## What is expected
Using the entries below, copy exactly each line from the line with "The second step" up to and including the line with "Fighterne i de", with every picture left out.

## Exercise input
==*==

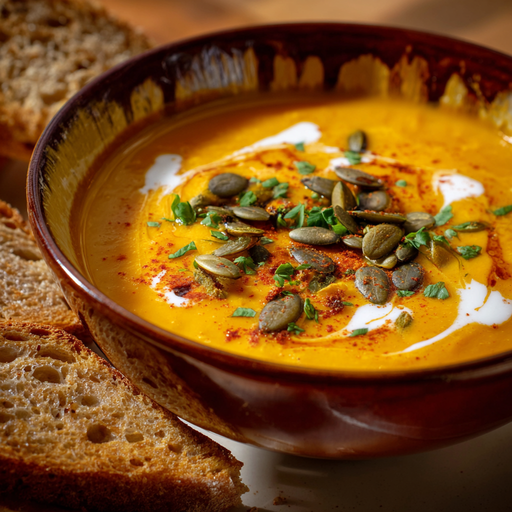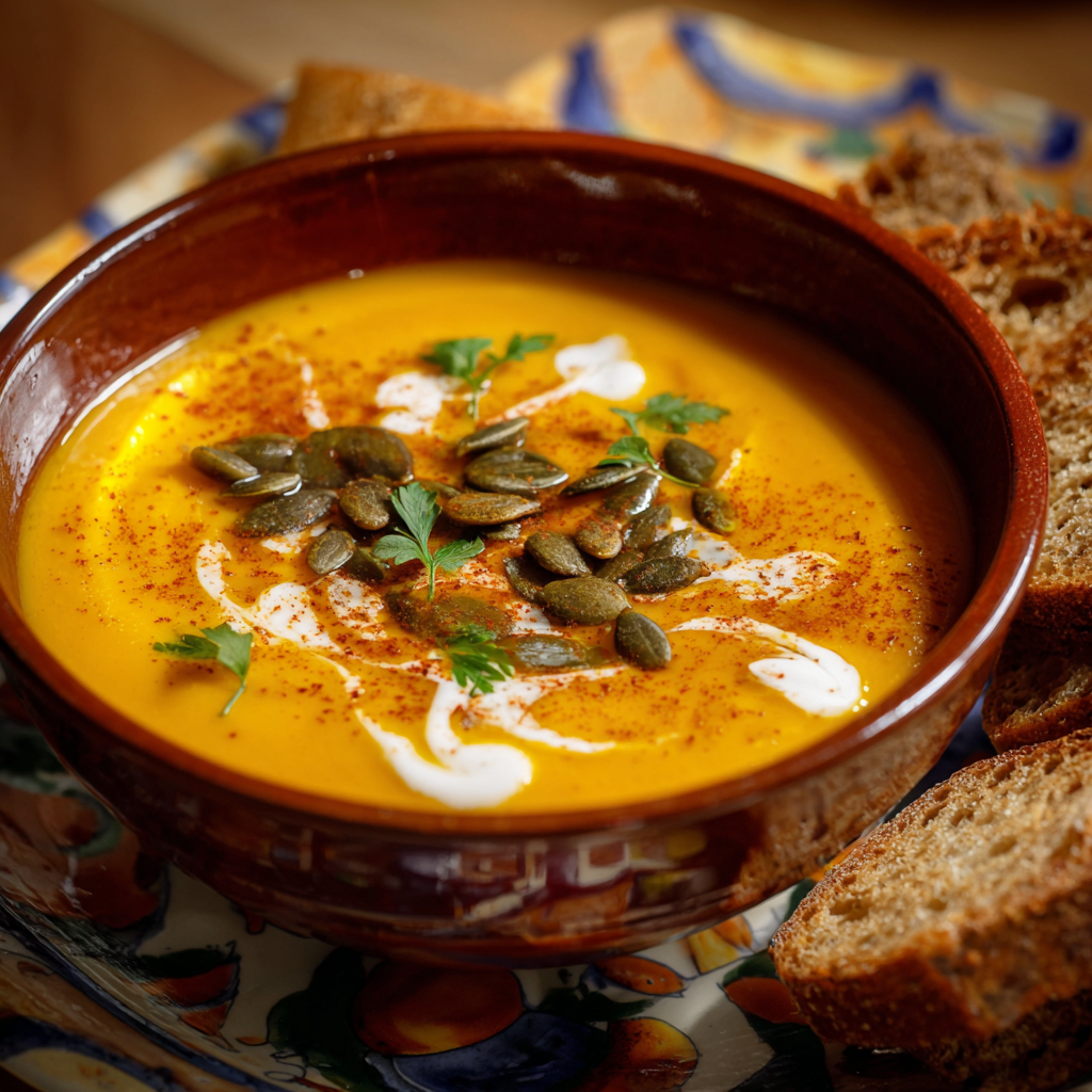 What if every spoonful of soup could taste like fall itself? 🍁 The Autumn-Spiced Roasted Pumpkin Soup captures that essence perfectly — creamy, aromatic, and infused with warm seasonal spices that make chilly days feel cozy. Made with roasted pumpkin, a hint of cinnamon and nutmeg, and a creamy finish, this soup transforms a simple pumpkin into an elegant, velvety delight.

==*==

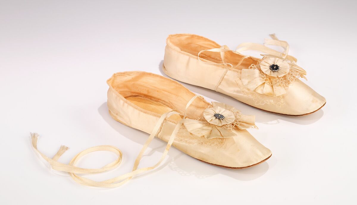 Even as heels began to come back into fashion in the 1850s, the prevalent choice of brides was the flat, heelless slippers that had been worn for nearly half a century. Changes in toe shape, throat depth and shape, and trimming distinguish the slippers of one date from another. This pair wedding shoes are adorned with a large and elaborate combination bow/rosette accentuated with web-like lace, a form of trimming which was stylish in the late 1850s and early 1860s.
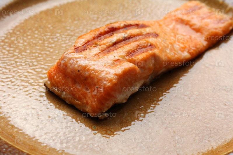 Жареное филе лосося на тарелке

==*==

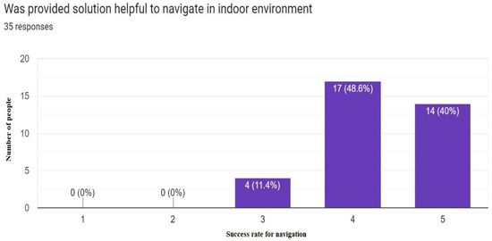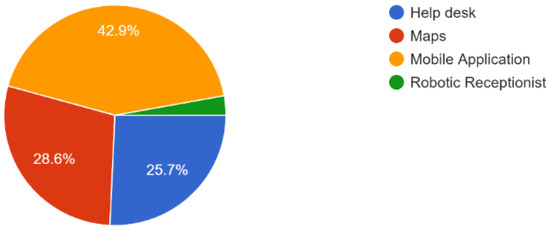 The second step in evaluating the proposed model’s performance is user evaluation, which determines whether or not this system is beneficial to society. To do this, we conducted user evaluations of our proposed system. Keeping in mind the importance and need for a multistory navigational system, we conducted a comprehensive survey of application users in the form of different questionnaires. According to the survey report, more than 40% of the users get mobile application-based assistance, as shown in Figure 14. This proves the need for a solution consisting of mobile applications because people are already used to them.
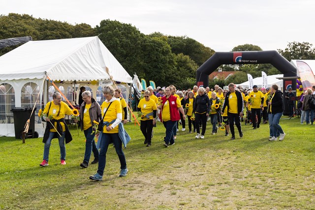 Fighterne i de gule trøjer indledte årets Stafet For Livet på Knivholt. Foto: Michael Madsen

==*==

## Result
 The second step in evaluating the proposed model’s performance is user evaluation, which determines whether or not this system is beneficial to society. To do this, we conducted user evaluations of our proposed system. Keeping in mind the importance and need for a multistory navigational system, we conducted a comprehensive survey of application users in the form of different questionnaires. According to the survey report, more than 40% of the users get mobile application-based assistance, as shown in Figure 14. This proves the need for a solution consisting of mobile applications because people are already used to them.
 Fighterne i de gule trøjer indledte årets Stafet For Livet på Knivholt. Foto: Michael Madsen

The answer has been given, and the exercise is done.